The Bucks regular starting lineup of Brandon Jennings, Monta Ellis, Ersan Ilyasova, Larry Sanders and Luc Mbah a Moute have a combined 32 games of playoff experience.
When the Bucks made the playoffs in 2010, Ilyasova and Mbah a Moute were coming off the bench, Sanders has never played in a playoff series and Ellis last saw postseason play in 2007.
Sixth man J.J. Redick has 44 playoff games under his belt, having reached the postseason in all six of years in Orlando. Mike Dunleavy, another key reserve, has appeared in just five games (for Indiana in 2011) in his 10 years.
Guard Marquis Daniels has played 62 career playoff games, the most on the team by far. He won a ring with the 2010 Boston Celtics, playing 11 games in those playoffs. He appeared in 20 playoff games the year before when Dallas lost in the Finals to the Heat.
Drew Gooden has 44 playoff games and an NBA Finals loss in 2007 under his belt, but he last reached the postseason in 2009 in Sacramento. Samuel Dalembert (Philadelphia) and Joel Przybilla (Portland) also last appeared in playoff games that year.
It's nice to have veteran leadership and experience, but let's face it – Daniels, Dalembert, Gooden and Przybilla aren't going to be leading the Bucks to any sort of series victory. The Bucks best players, aside from Redick, just aren't that experienced with this type of basketball.
Does it matter?
Boylan doesn't think so. To him, it's about peaking and maximizing the effort and talent as the playoffs begin.
"Just talking to some of the guys, they realize more importantly than moving up is to be playing well," Boylan said.
"Right now we're not playing well. You want to go into these final whatever, 15, 17 games, and if you are a playoff team you want to be building some momentum. You don't want to be kind of backing your way into the playoffs. You want o be running into the playoffs. That's what we need to do. we need to change our mindset a little bit and be expending energy rather than less energy and getting ourselves in a position where as we're getting into the first two weeks of April we're playing some really good basketball."
Dalembert agreed, saying even that little bit of playoff experience two or three years ago stays with a player.

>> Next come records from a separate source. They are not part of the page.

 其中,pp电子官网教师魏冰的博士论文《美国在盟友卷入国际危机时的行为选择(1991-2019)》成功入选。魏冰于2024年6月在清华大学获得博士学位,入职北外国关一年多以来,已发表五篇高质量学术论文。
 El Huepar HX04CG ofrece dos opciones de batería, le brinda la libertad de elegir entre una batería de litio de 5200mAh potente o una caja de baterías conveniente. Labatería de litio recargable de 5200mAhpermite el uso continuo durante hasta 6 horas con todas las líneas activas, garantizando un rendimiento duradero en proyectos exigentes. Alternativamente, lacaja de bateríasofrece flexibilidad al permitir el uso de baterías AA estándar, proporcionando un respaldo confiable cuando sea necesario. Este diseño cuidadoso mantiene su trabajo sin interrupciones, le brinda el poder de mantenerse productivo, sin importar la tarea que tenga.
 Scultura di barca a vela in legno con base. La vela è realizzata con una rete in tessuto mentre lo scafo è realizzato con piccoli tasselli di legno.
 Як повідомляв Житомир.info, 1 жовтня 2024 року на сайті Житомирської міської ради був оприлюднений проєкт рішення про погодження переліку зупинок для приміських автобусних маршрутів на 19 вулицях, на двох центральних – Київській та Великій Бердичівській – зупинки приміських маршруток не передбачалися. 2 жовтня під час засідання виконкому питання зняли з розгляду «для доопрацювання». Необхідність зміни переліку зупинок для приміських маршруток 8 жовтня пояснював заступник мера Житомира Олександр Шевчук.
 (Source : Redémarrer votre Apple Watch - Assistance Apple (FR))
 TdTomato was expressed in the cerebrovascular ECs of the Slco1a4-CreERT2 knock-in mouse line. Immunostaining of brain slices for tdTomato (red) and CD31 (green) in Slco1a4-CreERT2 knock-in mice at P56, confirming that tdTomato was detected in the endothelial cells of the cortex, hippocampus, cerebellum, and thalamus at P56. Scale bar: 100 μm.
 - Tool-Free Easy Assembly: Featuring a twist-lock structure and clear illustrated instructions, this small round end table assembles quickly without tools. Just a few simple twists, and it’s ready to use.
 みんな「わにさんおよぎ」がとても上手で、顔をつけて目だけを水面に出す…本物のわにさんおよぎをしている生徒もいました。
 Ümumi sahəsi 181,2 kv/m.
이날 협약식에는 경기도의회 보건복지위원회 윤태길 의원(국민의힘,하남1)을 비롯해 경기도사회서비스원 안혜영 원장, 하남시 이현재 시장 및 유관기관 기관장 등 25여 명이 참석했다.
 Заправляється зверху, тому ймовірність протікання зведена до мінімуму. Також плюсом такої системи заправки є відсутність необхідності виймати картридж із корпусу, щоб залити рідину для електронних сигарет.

"I see the point coach tried to make," said the center, who has appeared in 17 total playoff games in his 10-year career. "It's almost like reverse psychology, if you play well the outcome is going to be a win most of the time. We have experience. We have guys who have been there, who can play, who can compete. We just have to continue and stay ready and utilize the pieces (we have)."
The challenge for the Bucks over these final 16 games has been presented: Come together, play better, and go into the playoffs hot. They've done it before, with two separate four game winning streaks and a stretch in January where they went 8-3.
Perhaps the victory over the Trailblazers was the start of another hot streak, one in which point guard Damian Lillard was held to just eight points and LaMarcus Aldridge had only 10 points near the end of the third. The Bucks also had 29 assists on 42 field goals as nine different players scored.
"We show up in the game and boom, we look like a different team," Dalembert said. "We move the ball well. We play solid 'D'. We shoot the ball well too. Most importantly the turnovers are low. Every time have 11, 12 for the game and share the ball we look like a different team out there. Some guys, because the rotation throughout the year being unstable, guys try to get used to each other out there.
"We still have a lot to work on, but we have a good team. We have the pieces that we need on a team on this team, and we just have to utilize these pieces."